Otherwise if we create directories for so many user agents it would pop up in the file integrity check and on each tracking request would check if the directory exists even when it is not needed. The file_exists in isCached will be enough 👍

tsteur

Left a comment. Seems to work otherwise though 👍

tsteur · 2019-08-12T02:35:58Z

core/DeviceDetector/DeviceDetectorFactory.php

-        $deviceDetector->setCache(new DeviceDetectorCache(86400));
-        $deviceDetector->parse();
+        if ($useFileCache && DeviceDetectorCacheEntry::isCached($userAgent)) {
+            $deviceDetector = new DeviceDetectorCacheEntry($userAgent);


not quite understanding what discardBotInformation() does but do we need to call it as well?

tsteur · 2019-08-12T02:39:15Z

plugins/DevicesDetection/Commands/WarmDeviceDetectorCache.php

+
+    protected function configure()
+    {
+        $this->setName('devicedetector:warmcache');


when I run the command, I get this error:

[UnexpectedValueException] RecursiveDirectoryIterator::__construct(/misc/useragents): failed to open dir: No such file or directory

We could create the directory already in git and put a .gitkeep in there?

tsteur · 2019-08-12T02:55:15Z

plugins/DevicesDetection/Commands/WarmDeviceDetectorCache.php

+
+    protected function execute(InputInterface $input, OutputInterface $output)
+    {
+        $this->clearCacheDirectory();


Can you add an option for this maybe? Eg when core ships say 50 cached entries, then we might want to add more entries but not remove the core entries

tsteur · 2019-08-12T02:59:06Z

@sgiehl could you have a quick look at the PR maybe as well?

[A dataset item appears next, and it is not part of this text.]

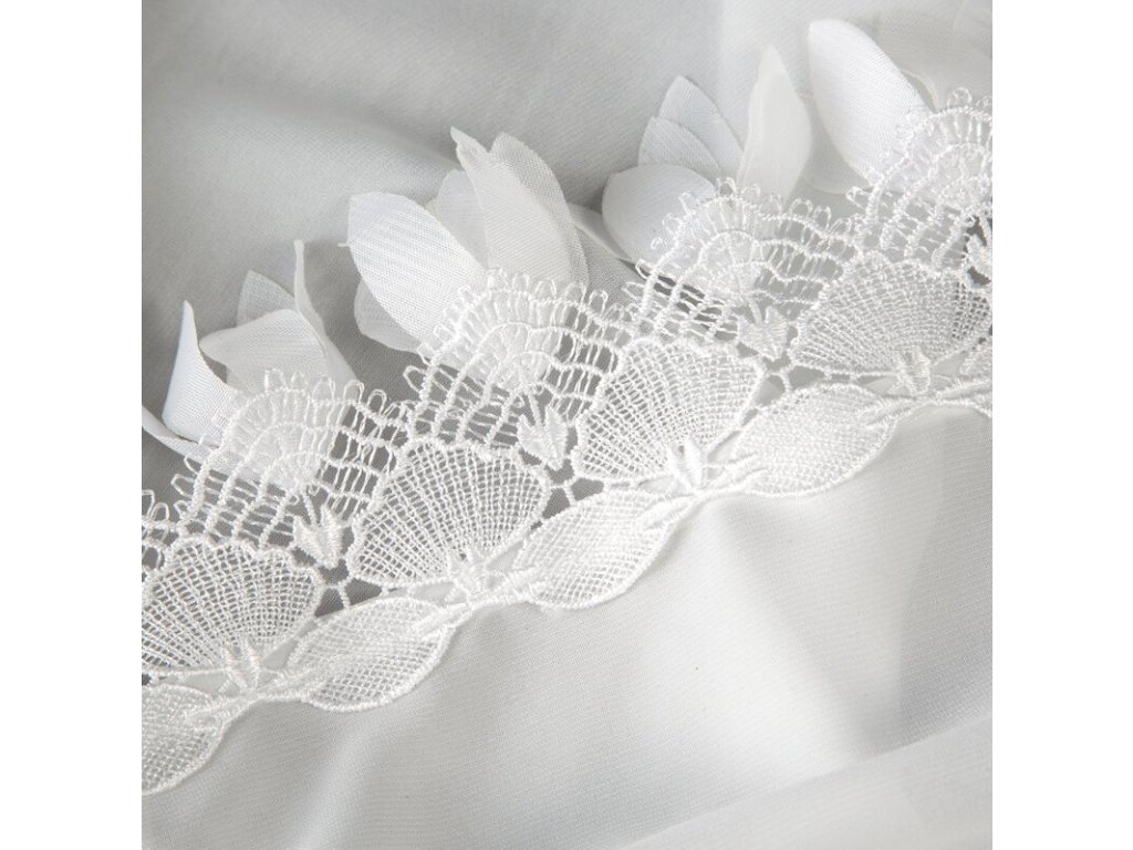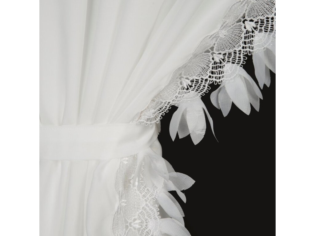 A függöny 100%-ban kiváló minőségű poliészterből készült, 60 GSM súlyú, így könnyű, lélegző és könnyen karbantartható. A díszes húzózsinórok finom romantikus jelleget kölcsönöznek az anyagnak, és lehetővé teszik a kényelmes megkötést.

@mattab what are your thoughts on delivering cached user agents with the Matomo release to make device detection faster? It would be an ongoing task though to have the recent most used user agents in the release. And if we wanted to take big advantage of it, and have like 3-6K user agents in there, then it would take quite a while to generate them on demand. This would basically need to happen when creating the release then since we wouldn't want to run a test that takes like 2-3 minutes just to check that all cache entries are still up to date (2-3 minutes is for say 3K user agents resulting in 12MB disk size => we wouldnt want to make the release size that much bigger I would say). Could cache like the top 50 entries with core? But for it to be useful we would always need to update it regularly.

@sgiehl maybe you have some thoughts as well on this?

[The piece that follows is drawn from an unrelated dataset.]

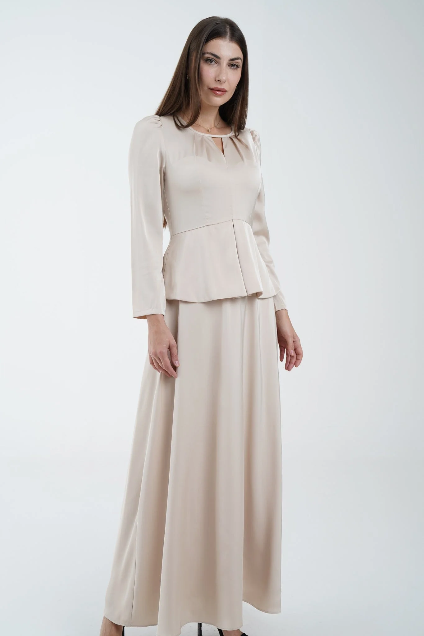 فستان ماكسي مخصر رقبة كم طويل

On prod we would potentially cache up to 5-10K user agents.

Findus23

I think I found a typo (see comment).

And maybe I am missing something, but why are we creating new files instead of using the existing caching system (that could use Redis, etc.).
Wouldn't this make things slower on setups where the disk is incredibly slow (network disk, etc.)?
In addition, as it is in misc/ and not in tmp/ this creates another directory one has to make sure is secured and not public as it is in the webroot (but I guess in that case it doesn't really matter)

Findus23 · 2019-08-12T08:53:07Z

plugins/DevicesDetection/Commands/WarmDeviceDetectorCache.php

+    {
+        $matches = array();
+        foreach (self::$userAgentsPatternsToIgnore as $pattern) {
+            preg_match('/Amazon-Route53-Health-Check-Service[.]*/', $userAgent,   $matches);


Should it be $pattern here instead of the hardcoded value?

sgiehl · 2019-08-12T09:07:02Z

plugins/DevicesDetection/Commands/WarmDeviceDetectorCache.php

+            if ($matches) {
+                return false;
+            }
+        }


This block of code is kind of broken. If you would extend the list in self::$userAgentsPatternsToIgnore it would still try to match the amazon one for each entry as $pattern is not used.

But besides of that I wouldn't handle a useragent exclude in the warmup script at all (see other comment)

sgiehl · 2019-08-12T09:11:37Z

plugins/DevicesDetection/Commands/WarmDeviceDetectorCache.php

+            'os' => $deviceDetector->getOs()
+        );
+
+        $outputPath = DeviceDetectorCacheEntry::getCachePath($userAgentStr);


I would suggest to fully exclude detected bots from the caching as they will be excluded from tracking in most cases anyway.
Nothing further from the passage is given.